Personal information
- Nationality: Indian
- Born: 17 March 1912 Comilla, Bengal Presidency, British India (now in Bangladesh)
- Died: 5 June 2016 (aged 104) Kolkata, West Bengal, India
- Occupation: Bodybuilder
- Spouse: Jyutika Aich ​ ​(m. 1924; died 2002)​

= Manohar Aich =

Bangladeshi bodybuilder (1912–2016)

Manohar Aich (17 March 1912 – 5 June 2016) was an Indian Bengali bodybuilder. He was the second Indian (after Monotosh Roy in 1951) to win any Mr. Universe title. He did so in the 1952 NABBA Universe Championships. At 4 ft 11 in tall, he was given the name "Pocket Hercules". Aich has been cited by historians as an influence on Indian physical culture.

==Early life==
Manohar Aich was born in a kayastha family, since childhood Aich was interested in strength related sports, such as wrestling and weightlifting. At the age of 12, due to a sudden attack of black fever, his health broke down. He regained his strength, however, by physical fitness exercises. He started bodybuilding exercises such as doing push-ups, squats, pull-ups, leg raises, and traditional sit-ups.
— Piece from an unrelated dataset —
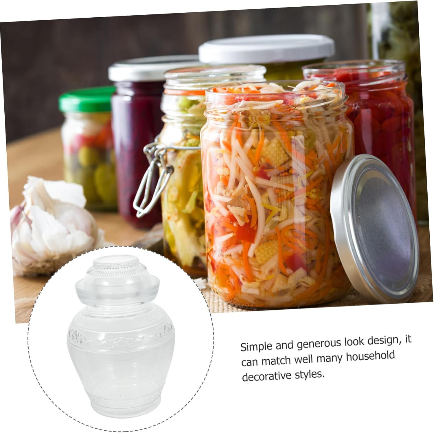 Package List 1 x glass jar Features - Material: Glass sealed jar -Note: random pattern glass fermenting jar - Capacity: 2.5kg pickled vegetable jar - Size: 22.50X15.00X15.00cm/8.84X5.89X5.89in transparent pickle jar - ColorTransparent clear storage container - Good airtightness, transparent bottle body, can easily distinguish the food pickle keeper. - Moisture- , dust- and - , kitchen storage jar with lid. - glass, fine workmanship, thick production, high strength pickle container. - Made of , and healthy, you can use it with confidence glass fermenting jug. - It has a wide range of applications. It can be used for all kinds of grains, dried fruit, tea, beans, food materials, etc., and can also be used for pickling, kimchi jars, etc glass storage container.Goods Descriptionkitchen jar You can see the stuffs inside through the transparent material, an essential for every home.storage jar glass storage tank, great for keeping food fresh, dry and completely sealed, you can use kitchen staples like flour, sugar, rice, nuts, beans, snack, food, cereal, coffee, or tea leaves

He only did bodyweight/calisthenics exercises with up to 100 reps per set at that age. He attended the K. L. Jubilee High School & College in Dhaka, Bangladesh. While at school, he used to go to the Ruplal Byayam Samiti for physical exercises. He began to perform in shows titled Physique and Magic along with P. C. Sorcar in Dhanbad. He used to perform feats like bending steel with his teeth, bending spears with his neck and resting his belly on swords.

==Career==
Aich joined the Royal Air Force in 1942 where he began his pursuit in bodybuilding. He was introduced to weight training by Reub Martin, a British officer in the RAF. While part of the RAF, Aich was imprisoned for slapping a British officer in protest at the officer's remarks in favour of colonial oppression. Aich began his weight training seriously while in jail. He would spend hours in physical exercises. Observing his knack in physical culture, the jail authorities arranged a special diet for him.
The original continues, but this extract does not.